IF 4.3 3区 医学 Q1 RESPIRATORY SYSTEM Pub Date : 2025-03-24 eCollection Date: 2025-03-01 DOI: 10.1183/23120541.00655-2024
Mihaja Raberahona, Alexandra Zimmer, Rivonirina Andry Rakotoarivelo, Patrick Andriniaina Randrianarisoa, Garcia Rambeloson, Etienne Rakotomijoro, Christophe Elody Andry, Haingonirina Anique Razafindrakoto, Dera Andriantahiana, Mamy Jean de Dieu Randria, Niaina Rakotosamimanana, Simon Grandjean Lapierre

Background: Recent advances in digital and wearable technologies with artificial intelligence (AI) enable the use of continuous cough monitoring (CCM) to objectively monitor symptoms as surrogate markers of treatment efficacy in pulmonary tuberculosis (PTB). The objectives of this study were to describe the evolution of cough during PTB treatment in adults and to assess the feasibility of community-based CCM.

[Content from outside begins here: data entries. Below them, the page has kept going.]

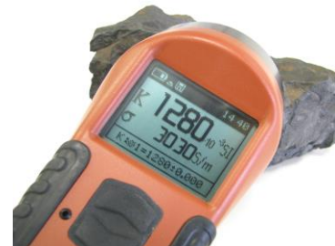
KT-10 S/C (Circular Coil)
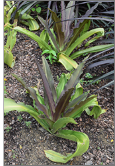
African Night Pineapple Lily

African Night Pineapple Lily is a fine choice for the garden, but it is also a good selection for planting in outdoor pots and containers. With its upright habit of growth, it is best suited for use as a 'thriller' in the 'spiller-thriller-filler' container combination; plant it near the center of the pot, surrounded by smaller plants and those that spill over the edges. It is even sizeable enough that it can be grown alone in a suitable container. Note that when growing plants in outdoor containers and baskets, they may require more frequent waterings than they would in the yard or garden.
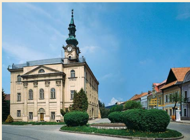
Kežmarok, the seat of an important Evangelical Lyceum

In the 1850s, when Štúr’s generation withdrew from public life and there was hardly any possibility for literary and cultural activity, the centre of gravity of Kuzmány’s work lay in the theological field. He collected his university lectures into a three volume work in German: “Praktische Theologie”. His creative literary activity continued until the end of his life. He died on 14 th August 1866 in Turčianske Teplice and was buried at the National Cemetery in Martin.
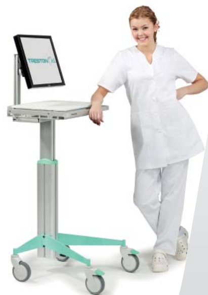
A mobile workstation by Treston

Treston Group has used Manner castors successfully in the products of its Treston and Sovella brands. The vast range of high-quality castor products makes it easy to find a suitable castor for every application. Therefore, Manner products perfectly meet the challenges set by Treston's extensive product range and high quality level. Our cooperation has been smooth for years.
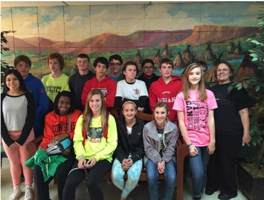
Kids from Comanche Middle School
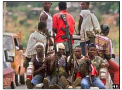
The Kamajor militia supported the government in the civil war

Some 50,000 people were killed and many more maimed and raped during the war.
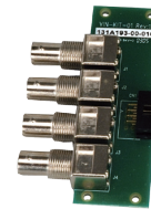
Video Input Daughter Board With 4 x BNC Connectors
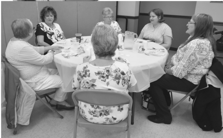
Purls of Prayer ladies
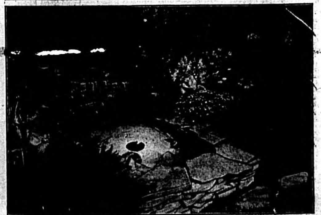
Properly-planned night lighting transforms the garden into a veritable fairyland of color and beauty. The fly ped is made of metal, with the light bulb clamped underneath.
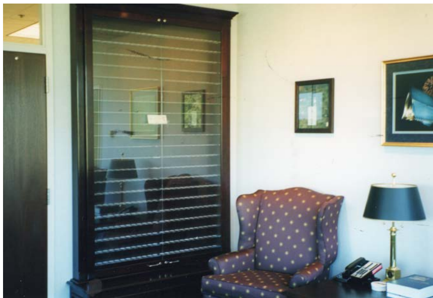
Cabinet installed in the AOG president's office, 1996
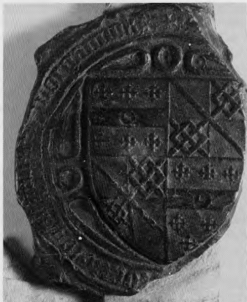
The Seal of Richard Beauchamp, Earl of Worcester, Lord of Glamorgan and Morgan, on the Cowbridge Charter of 1421

The Coat of Arms quarters Beauchamp (a fess charged with a crescent, between 6 cross crosslets), and Despenser (quarterly, in the second and third a fret, over all a bendlet)
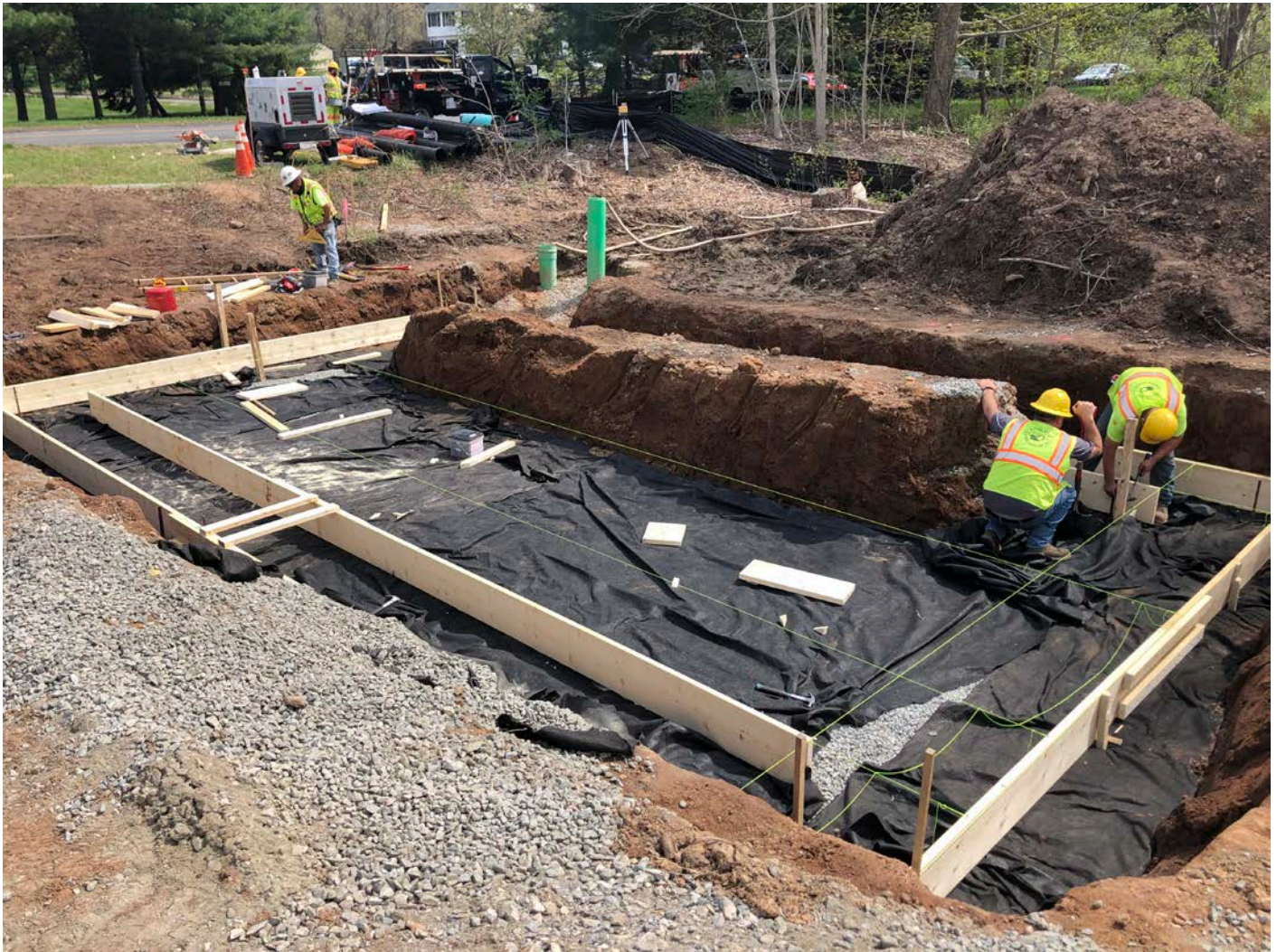
Picture 7: View of the booster station footprint depicting progress of the construction of the forms for the booster station footing. Station 750+63, Middletown. View to the southeast.
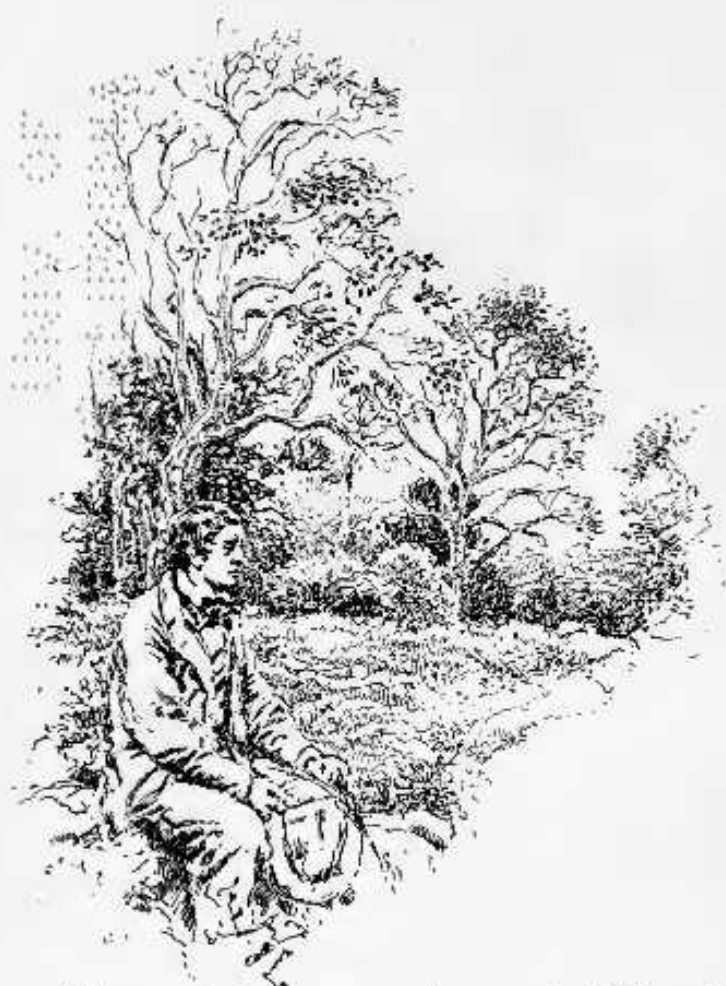
This was the boy's war out there on the fields amid the dark shadows of the ground and amid the white shadows of his spirit.
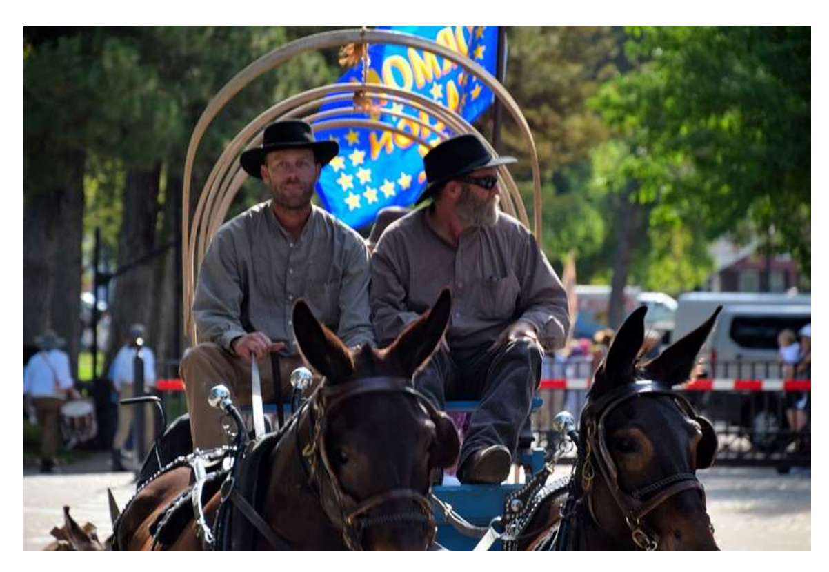
Mormon Battalion Teamsters at End of the Parade.
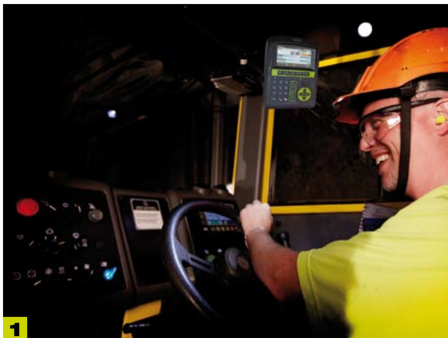
1 onboard instrumentation millennium5
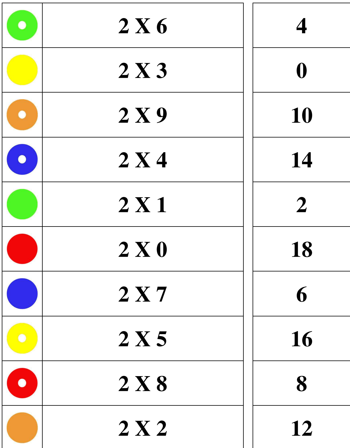
table de 2
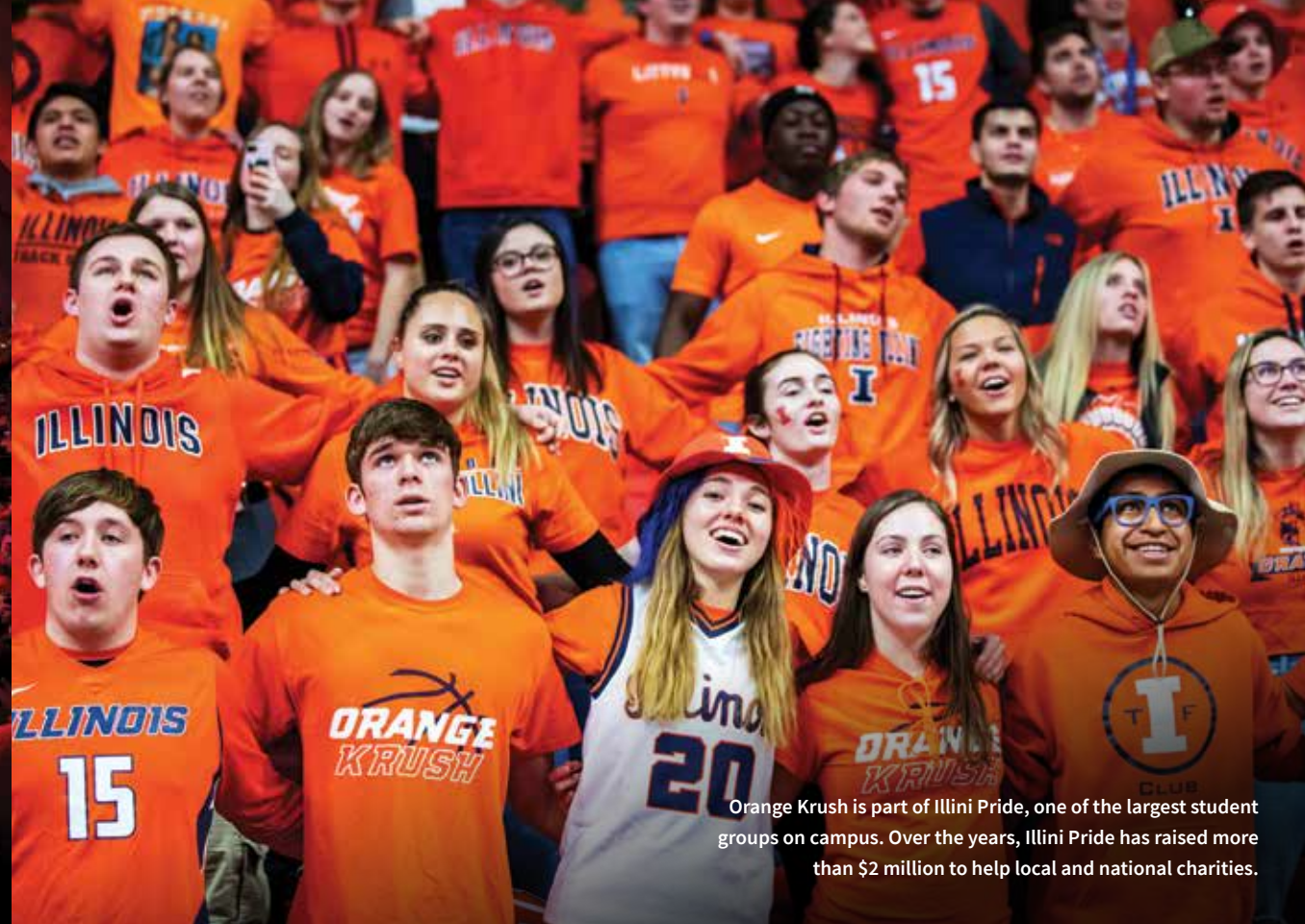
Orange Krush is part of Illini Pride, one of the largest student groups on campus. Over the years, Illini Pride has raised more than $2 million to help local and national charities.
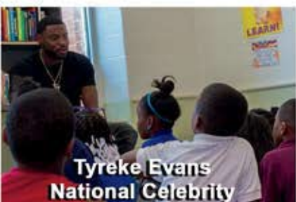
Tyreke Evans National Celebrity
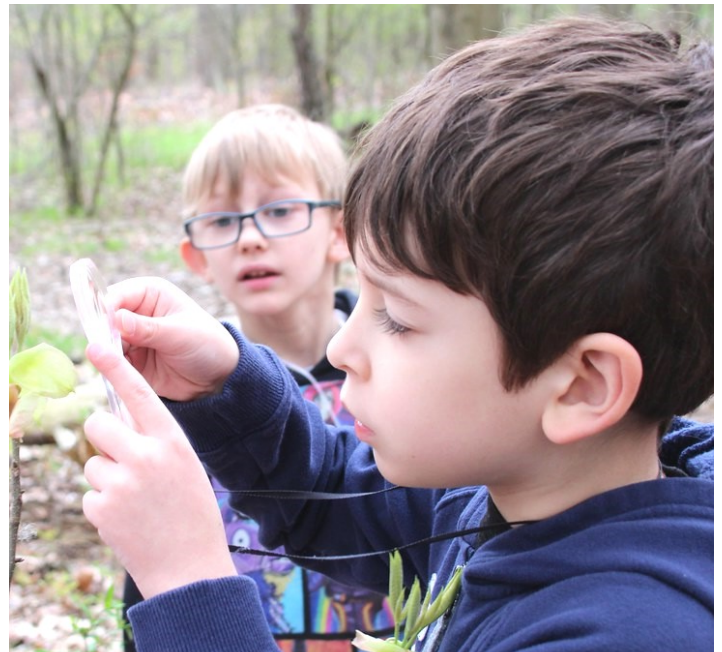
Donations support ACNC's mission to connect children to nature.
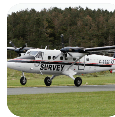
AIRBORNE SURVEY page 14
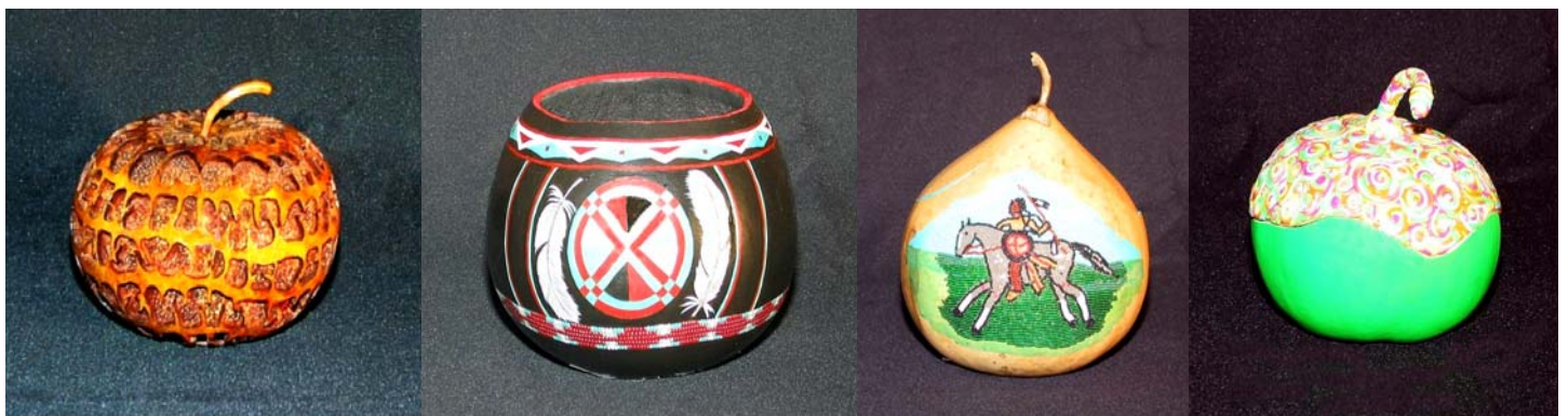
Div 1 - Marsha Mefferd -- Carved, Cut, etc.
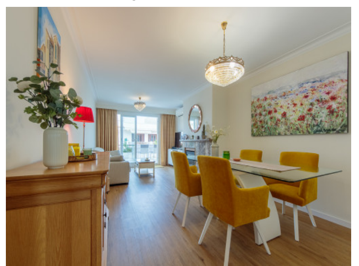
Tastefully decorated living and dining area Open living and dining area All information is correct to the best of our knowledge. Errors and prior sale excepted. This prospectus is purely for information purposes. Only the notarized deed of sale is legally binding.

PORTA MALLORQUINA • THERESIENSTR.: 81, 80333 MUNICH TEL. +34 971 698 242 • INFO@PORTAMALLORQUINA.COM
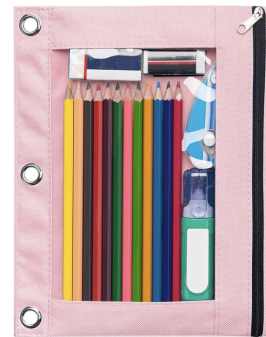
Soft pencil case, any color 软铅笔盒, 颜色任意
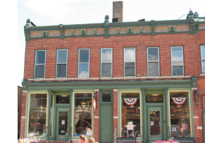
25. THE FOOTE BUILDING 105-07 BUCHANAN STREET

DESIGNATED IN 1992, THE 12-ROOM BRICK QUEEN-ANNE HOME FEATURES A TWO-STORY TOWER WITH A CONICAL ROOF.
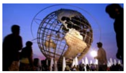
[Continued from Page 1]

owner of farmland in the United States, allowing him to control what food is – or isn't - grown. The International Energy Agency is calling for energy lockdowns, such as banning the use of cars in cities on Sundays and other restrictions on movement, just as we saw with Covid. Yet those who warn of these globalist goals are called crazy conspiracy theorists, even as these so-called "conspiracy theories" keep coming true.
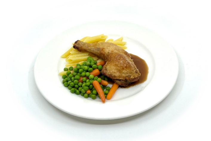
No. 3 Roasted chicken leg with pasta and vegetables
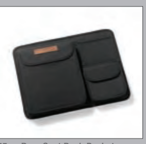
55 > Rear Seat Back Pocket
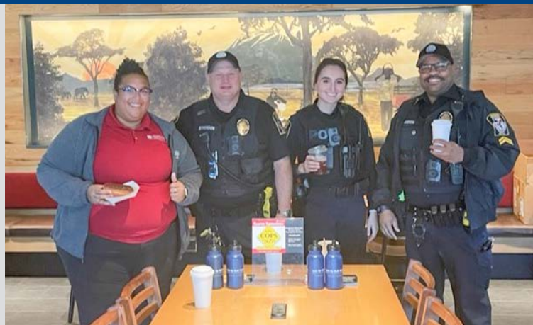
Coffee with a Cop

Methods: We prospectively enrolled PTB adult participants upon treatment initiation. Participants' coughs were continuously monitored during 6 months with a smartphone loaded with an app able to detect cough by using an AI algorithm.

Results: 22 participants were included. The median (interquartile range (IQR)) age was 28.5 (22-42) years and 62% were male. The median (IQR) coughs per hour (medCPH) was 11.0 (7.0-27.0) at week 1. By the end of the intensive phase of PTB treatment at week 8, the medCPH was 3.5 (1.5-7.0), which was significantly lower than the medCPH at week 1 (p=0.002). At week 26 (end of treatment), the medCPH was 1.0 (1.0-2.5). The adherence to CCM was high during the first 13 weeks of PTB treatment and then waned over time. The adherence was similar during daytime and night-time.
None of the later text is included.